FAILED: Build did NOT complete successfully
h-vetinari commented 5 months ago

Key part here being:

libtensorflow_framework.so.2: undefined symbol: _ZN7riegeli15RecordsMetadata5ClearEv
                                                    ^^^^^^^
                                                    look here

This is vendored by tensorflow here, coming from https://github.com/google/riegeli originally. I see that tensorflow applies a patch to riegeli (and by building through bazel, we should be doing the same), but it doesn't look particularly related.

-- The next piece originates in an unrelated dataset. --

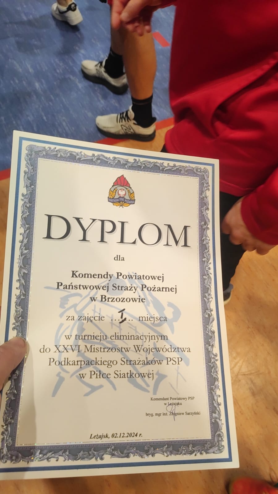 2 grudnia 2024 roku w Leżajsku odbył się turniej eliminacyjny grupy „D” do XXVI Mistrzostw Województwa Podkarpackiego Strażaków Państwowej Straży Pożarnej w piłce siatkowej. W zawodach wzięło udział pięć drużyn z komend Miejskich i Powiatowych PSP województwa podkarpackiego. W wyniku zaciętej rywalizacji reprezentacja Komendy Powiatowej PSP w Brzozowie zwyciężyła w całym turnieju nie tracąc nawet seta i tym samym po raz pierwszy w historii awansowała do turnieju finałowego. Ponadto st. kpt. Dawid Nowak został najlepszym zawodnikiem turnieju. Gratulujemy całej drużynie i życzymy sukcesu podczas czwartkowych finałów XXVI Mistrzostw Województwa Podkarpackiego strażaków Państwowej Straży Pożarnej w piłce siatkowej, które odbędą się w Tarnobrzegu.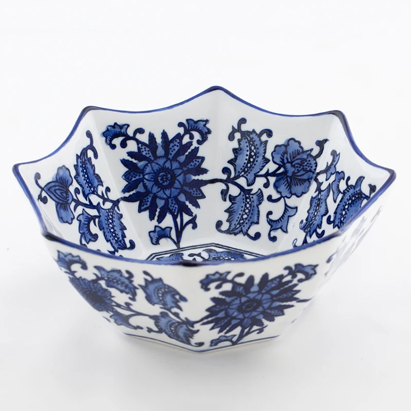 Шестиугольная чаша для закусок, керамическая чаша для фруктов, восьмиугольная ручная роспись, сине-белая фарфоровая винтажная чаша для фруктов

hmaarrfk commented 5 months ago

Thanks!! I need to presently (for the next few hours) focus on other things. Glad others (like yourself!!!) are able to help while before I completely delete the logs. Even having hidden tmux panes makes me stressed…..

h-vetinari commented 5 months ago

Do you want me to hold off with merging libprotobuf v25.2 until we've fixed tensorflow (in case we need more patches to v25.1)?

Otherwise I'm planning to go ahead and trigger a bigger migration (abseil/grpc/protobuf).

hmaarrfk commented 5 months ago

Go for it.

h-vetinari commented 4 months ago

There's now a PR for a newer protobuf version: #372; if we're lucky the error has been resolved?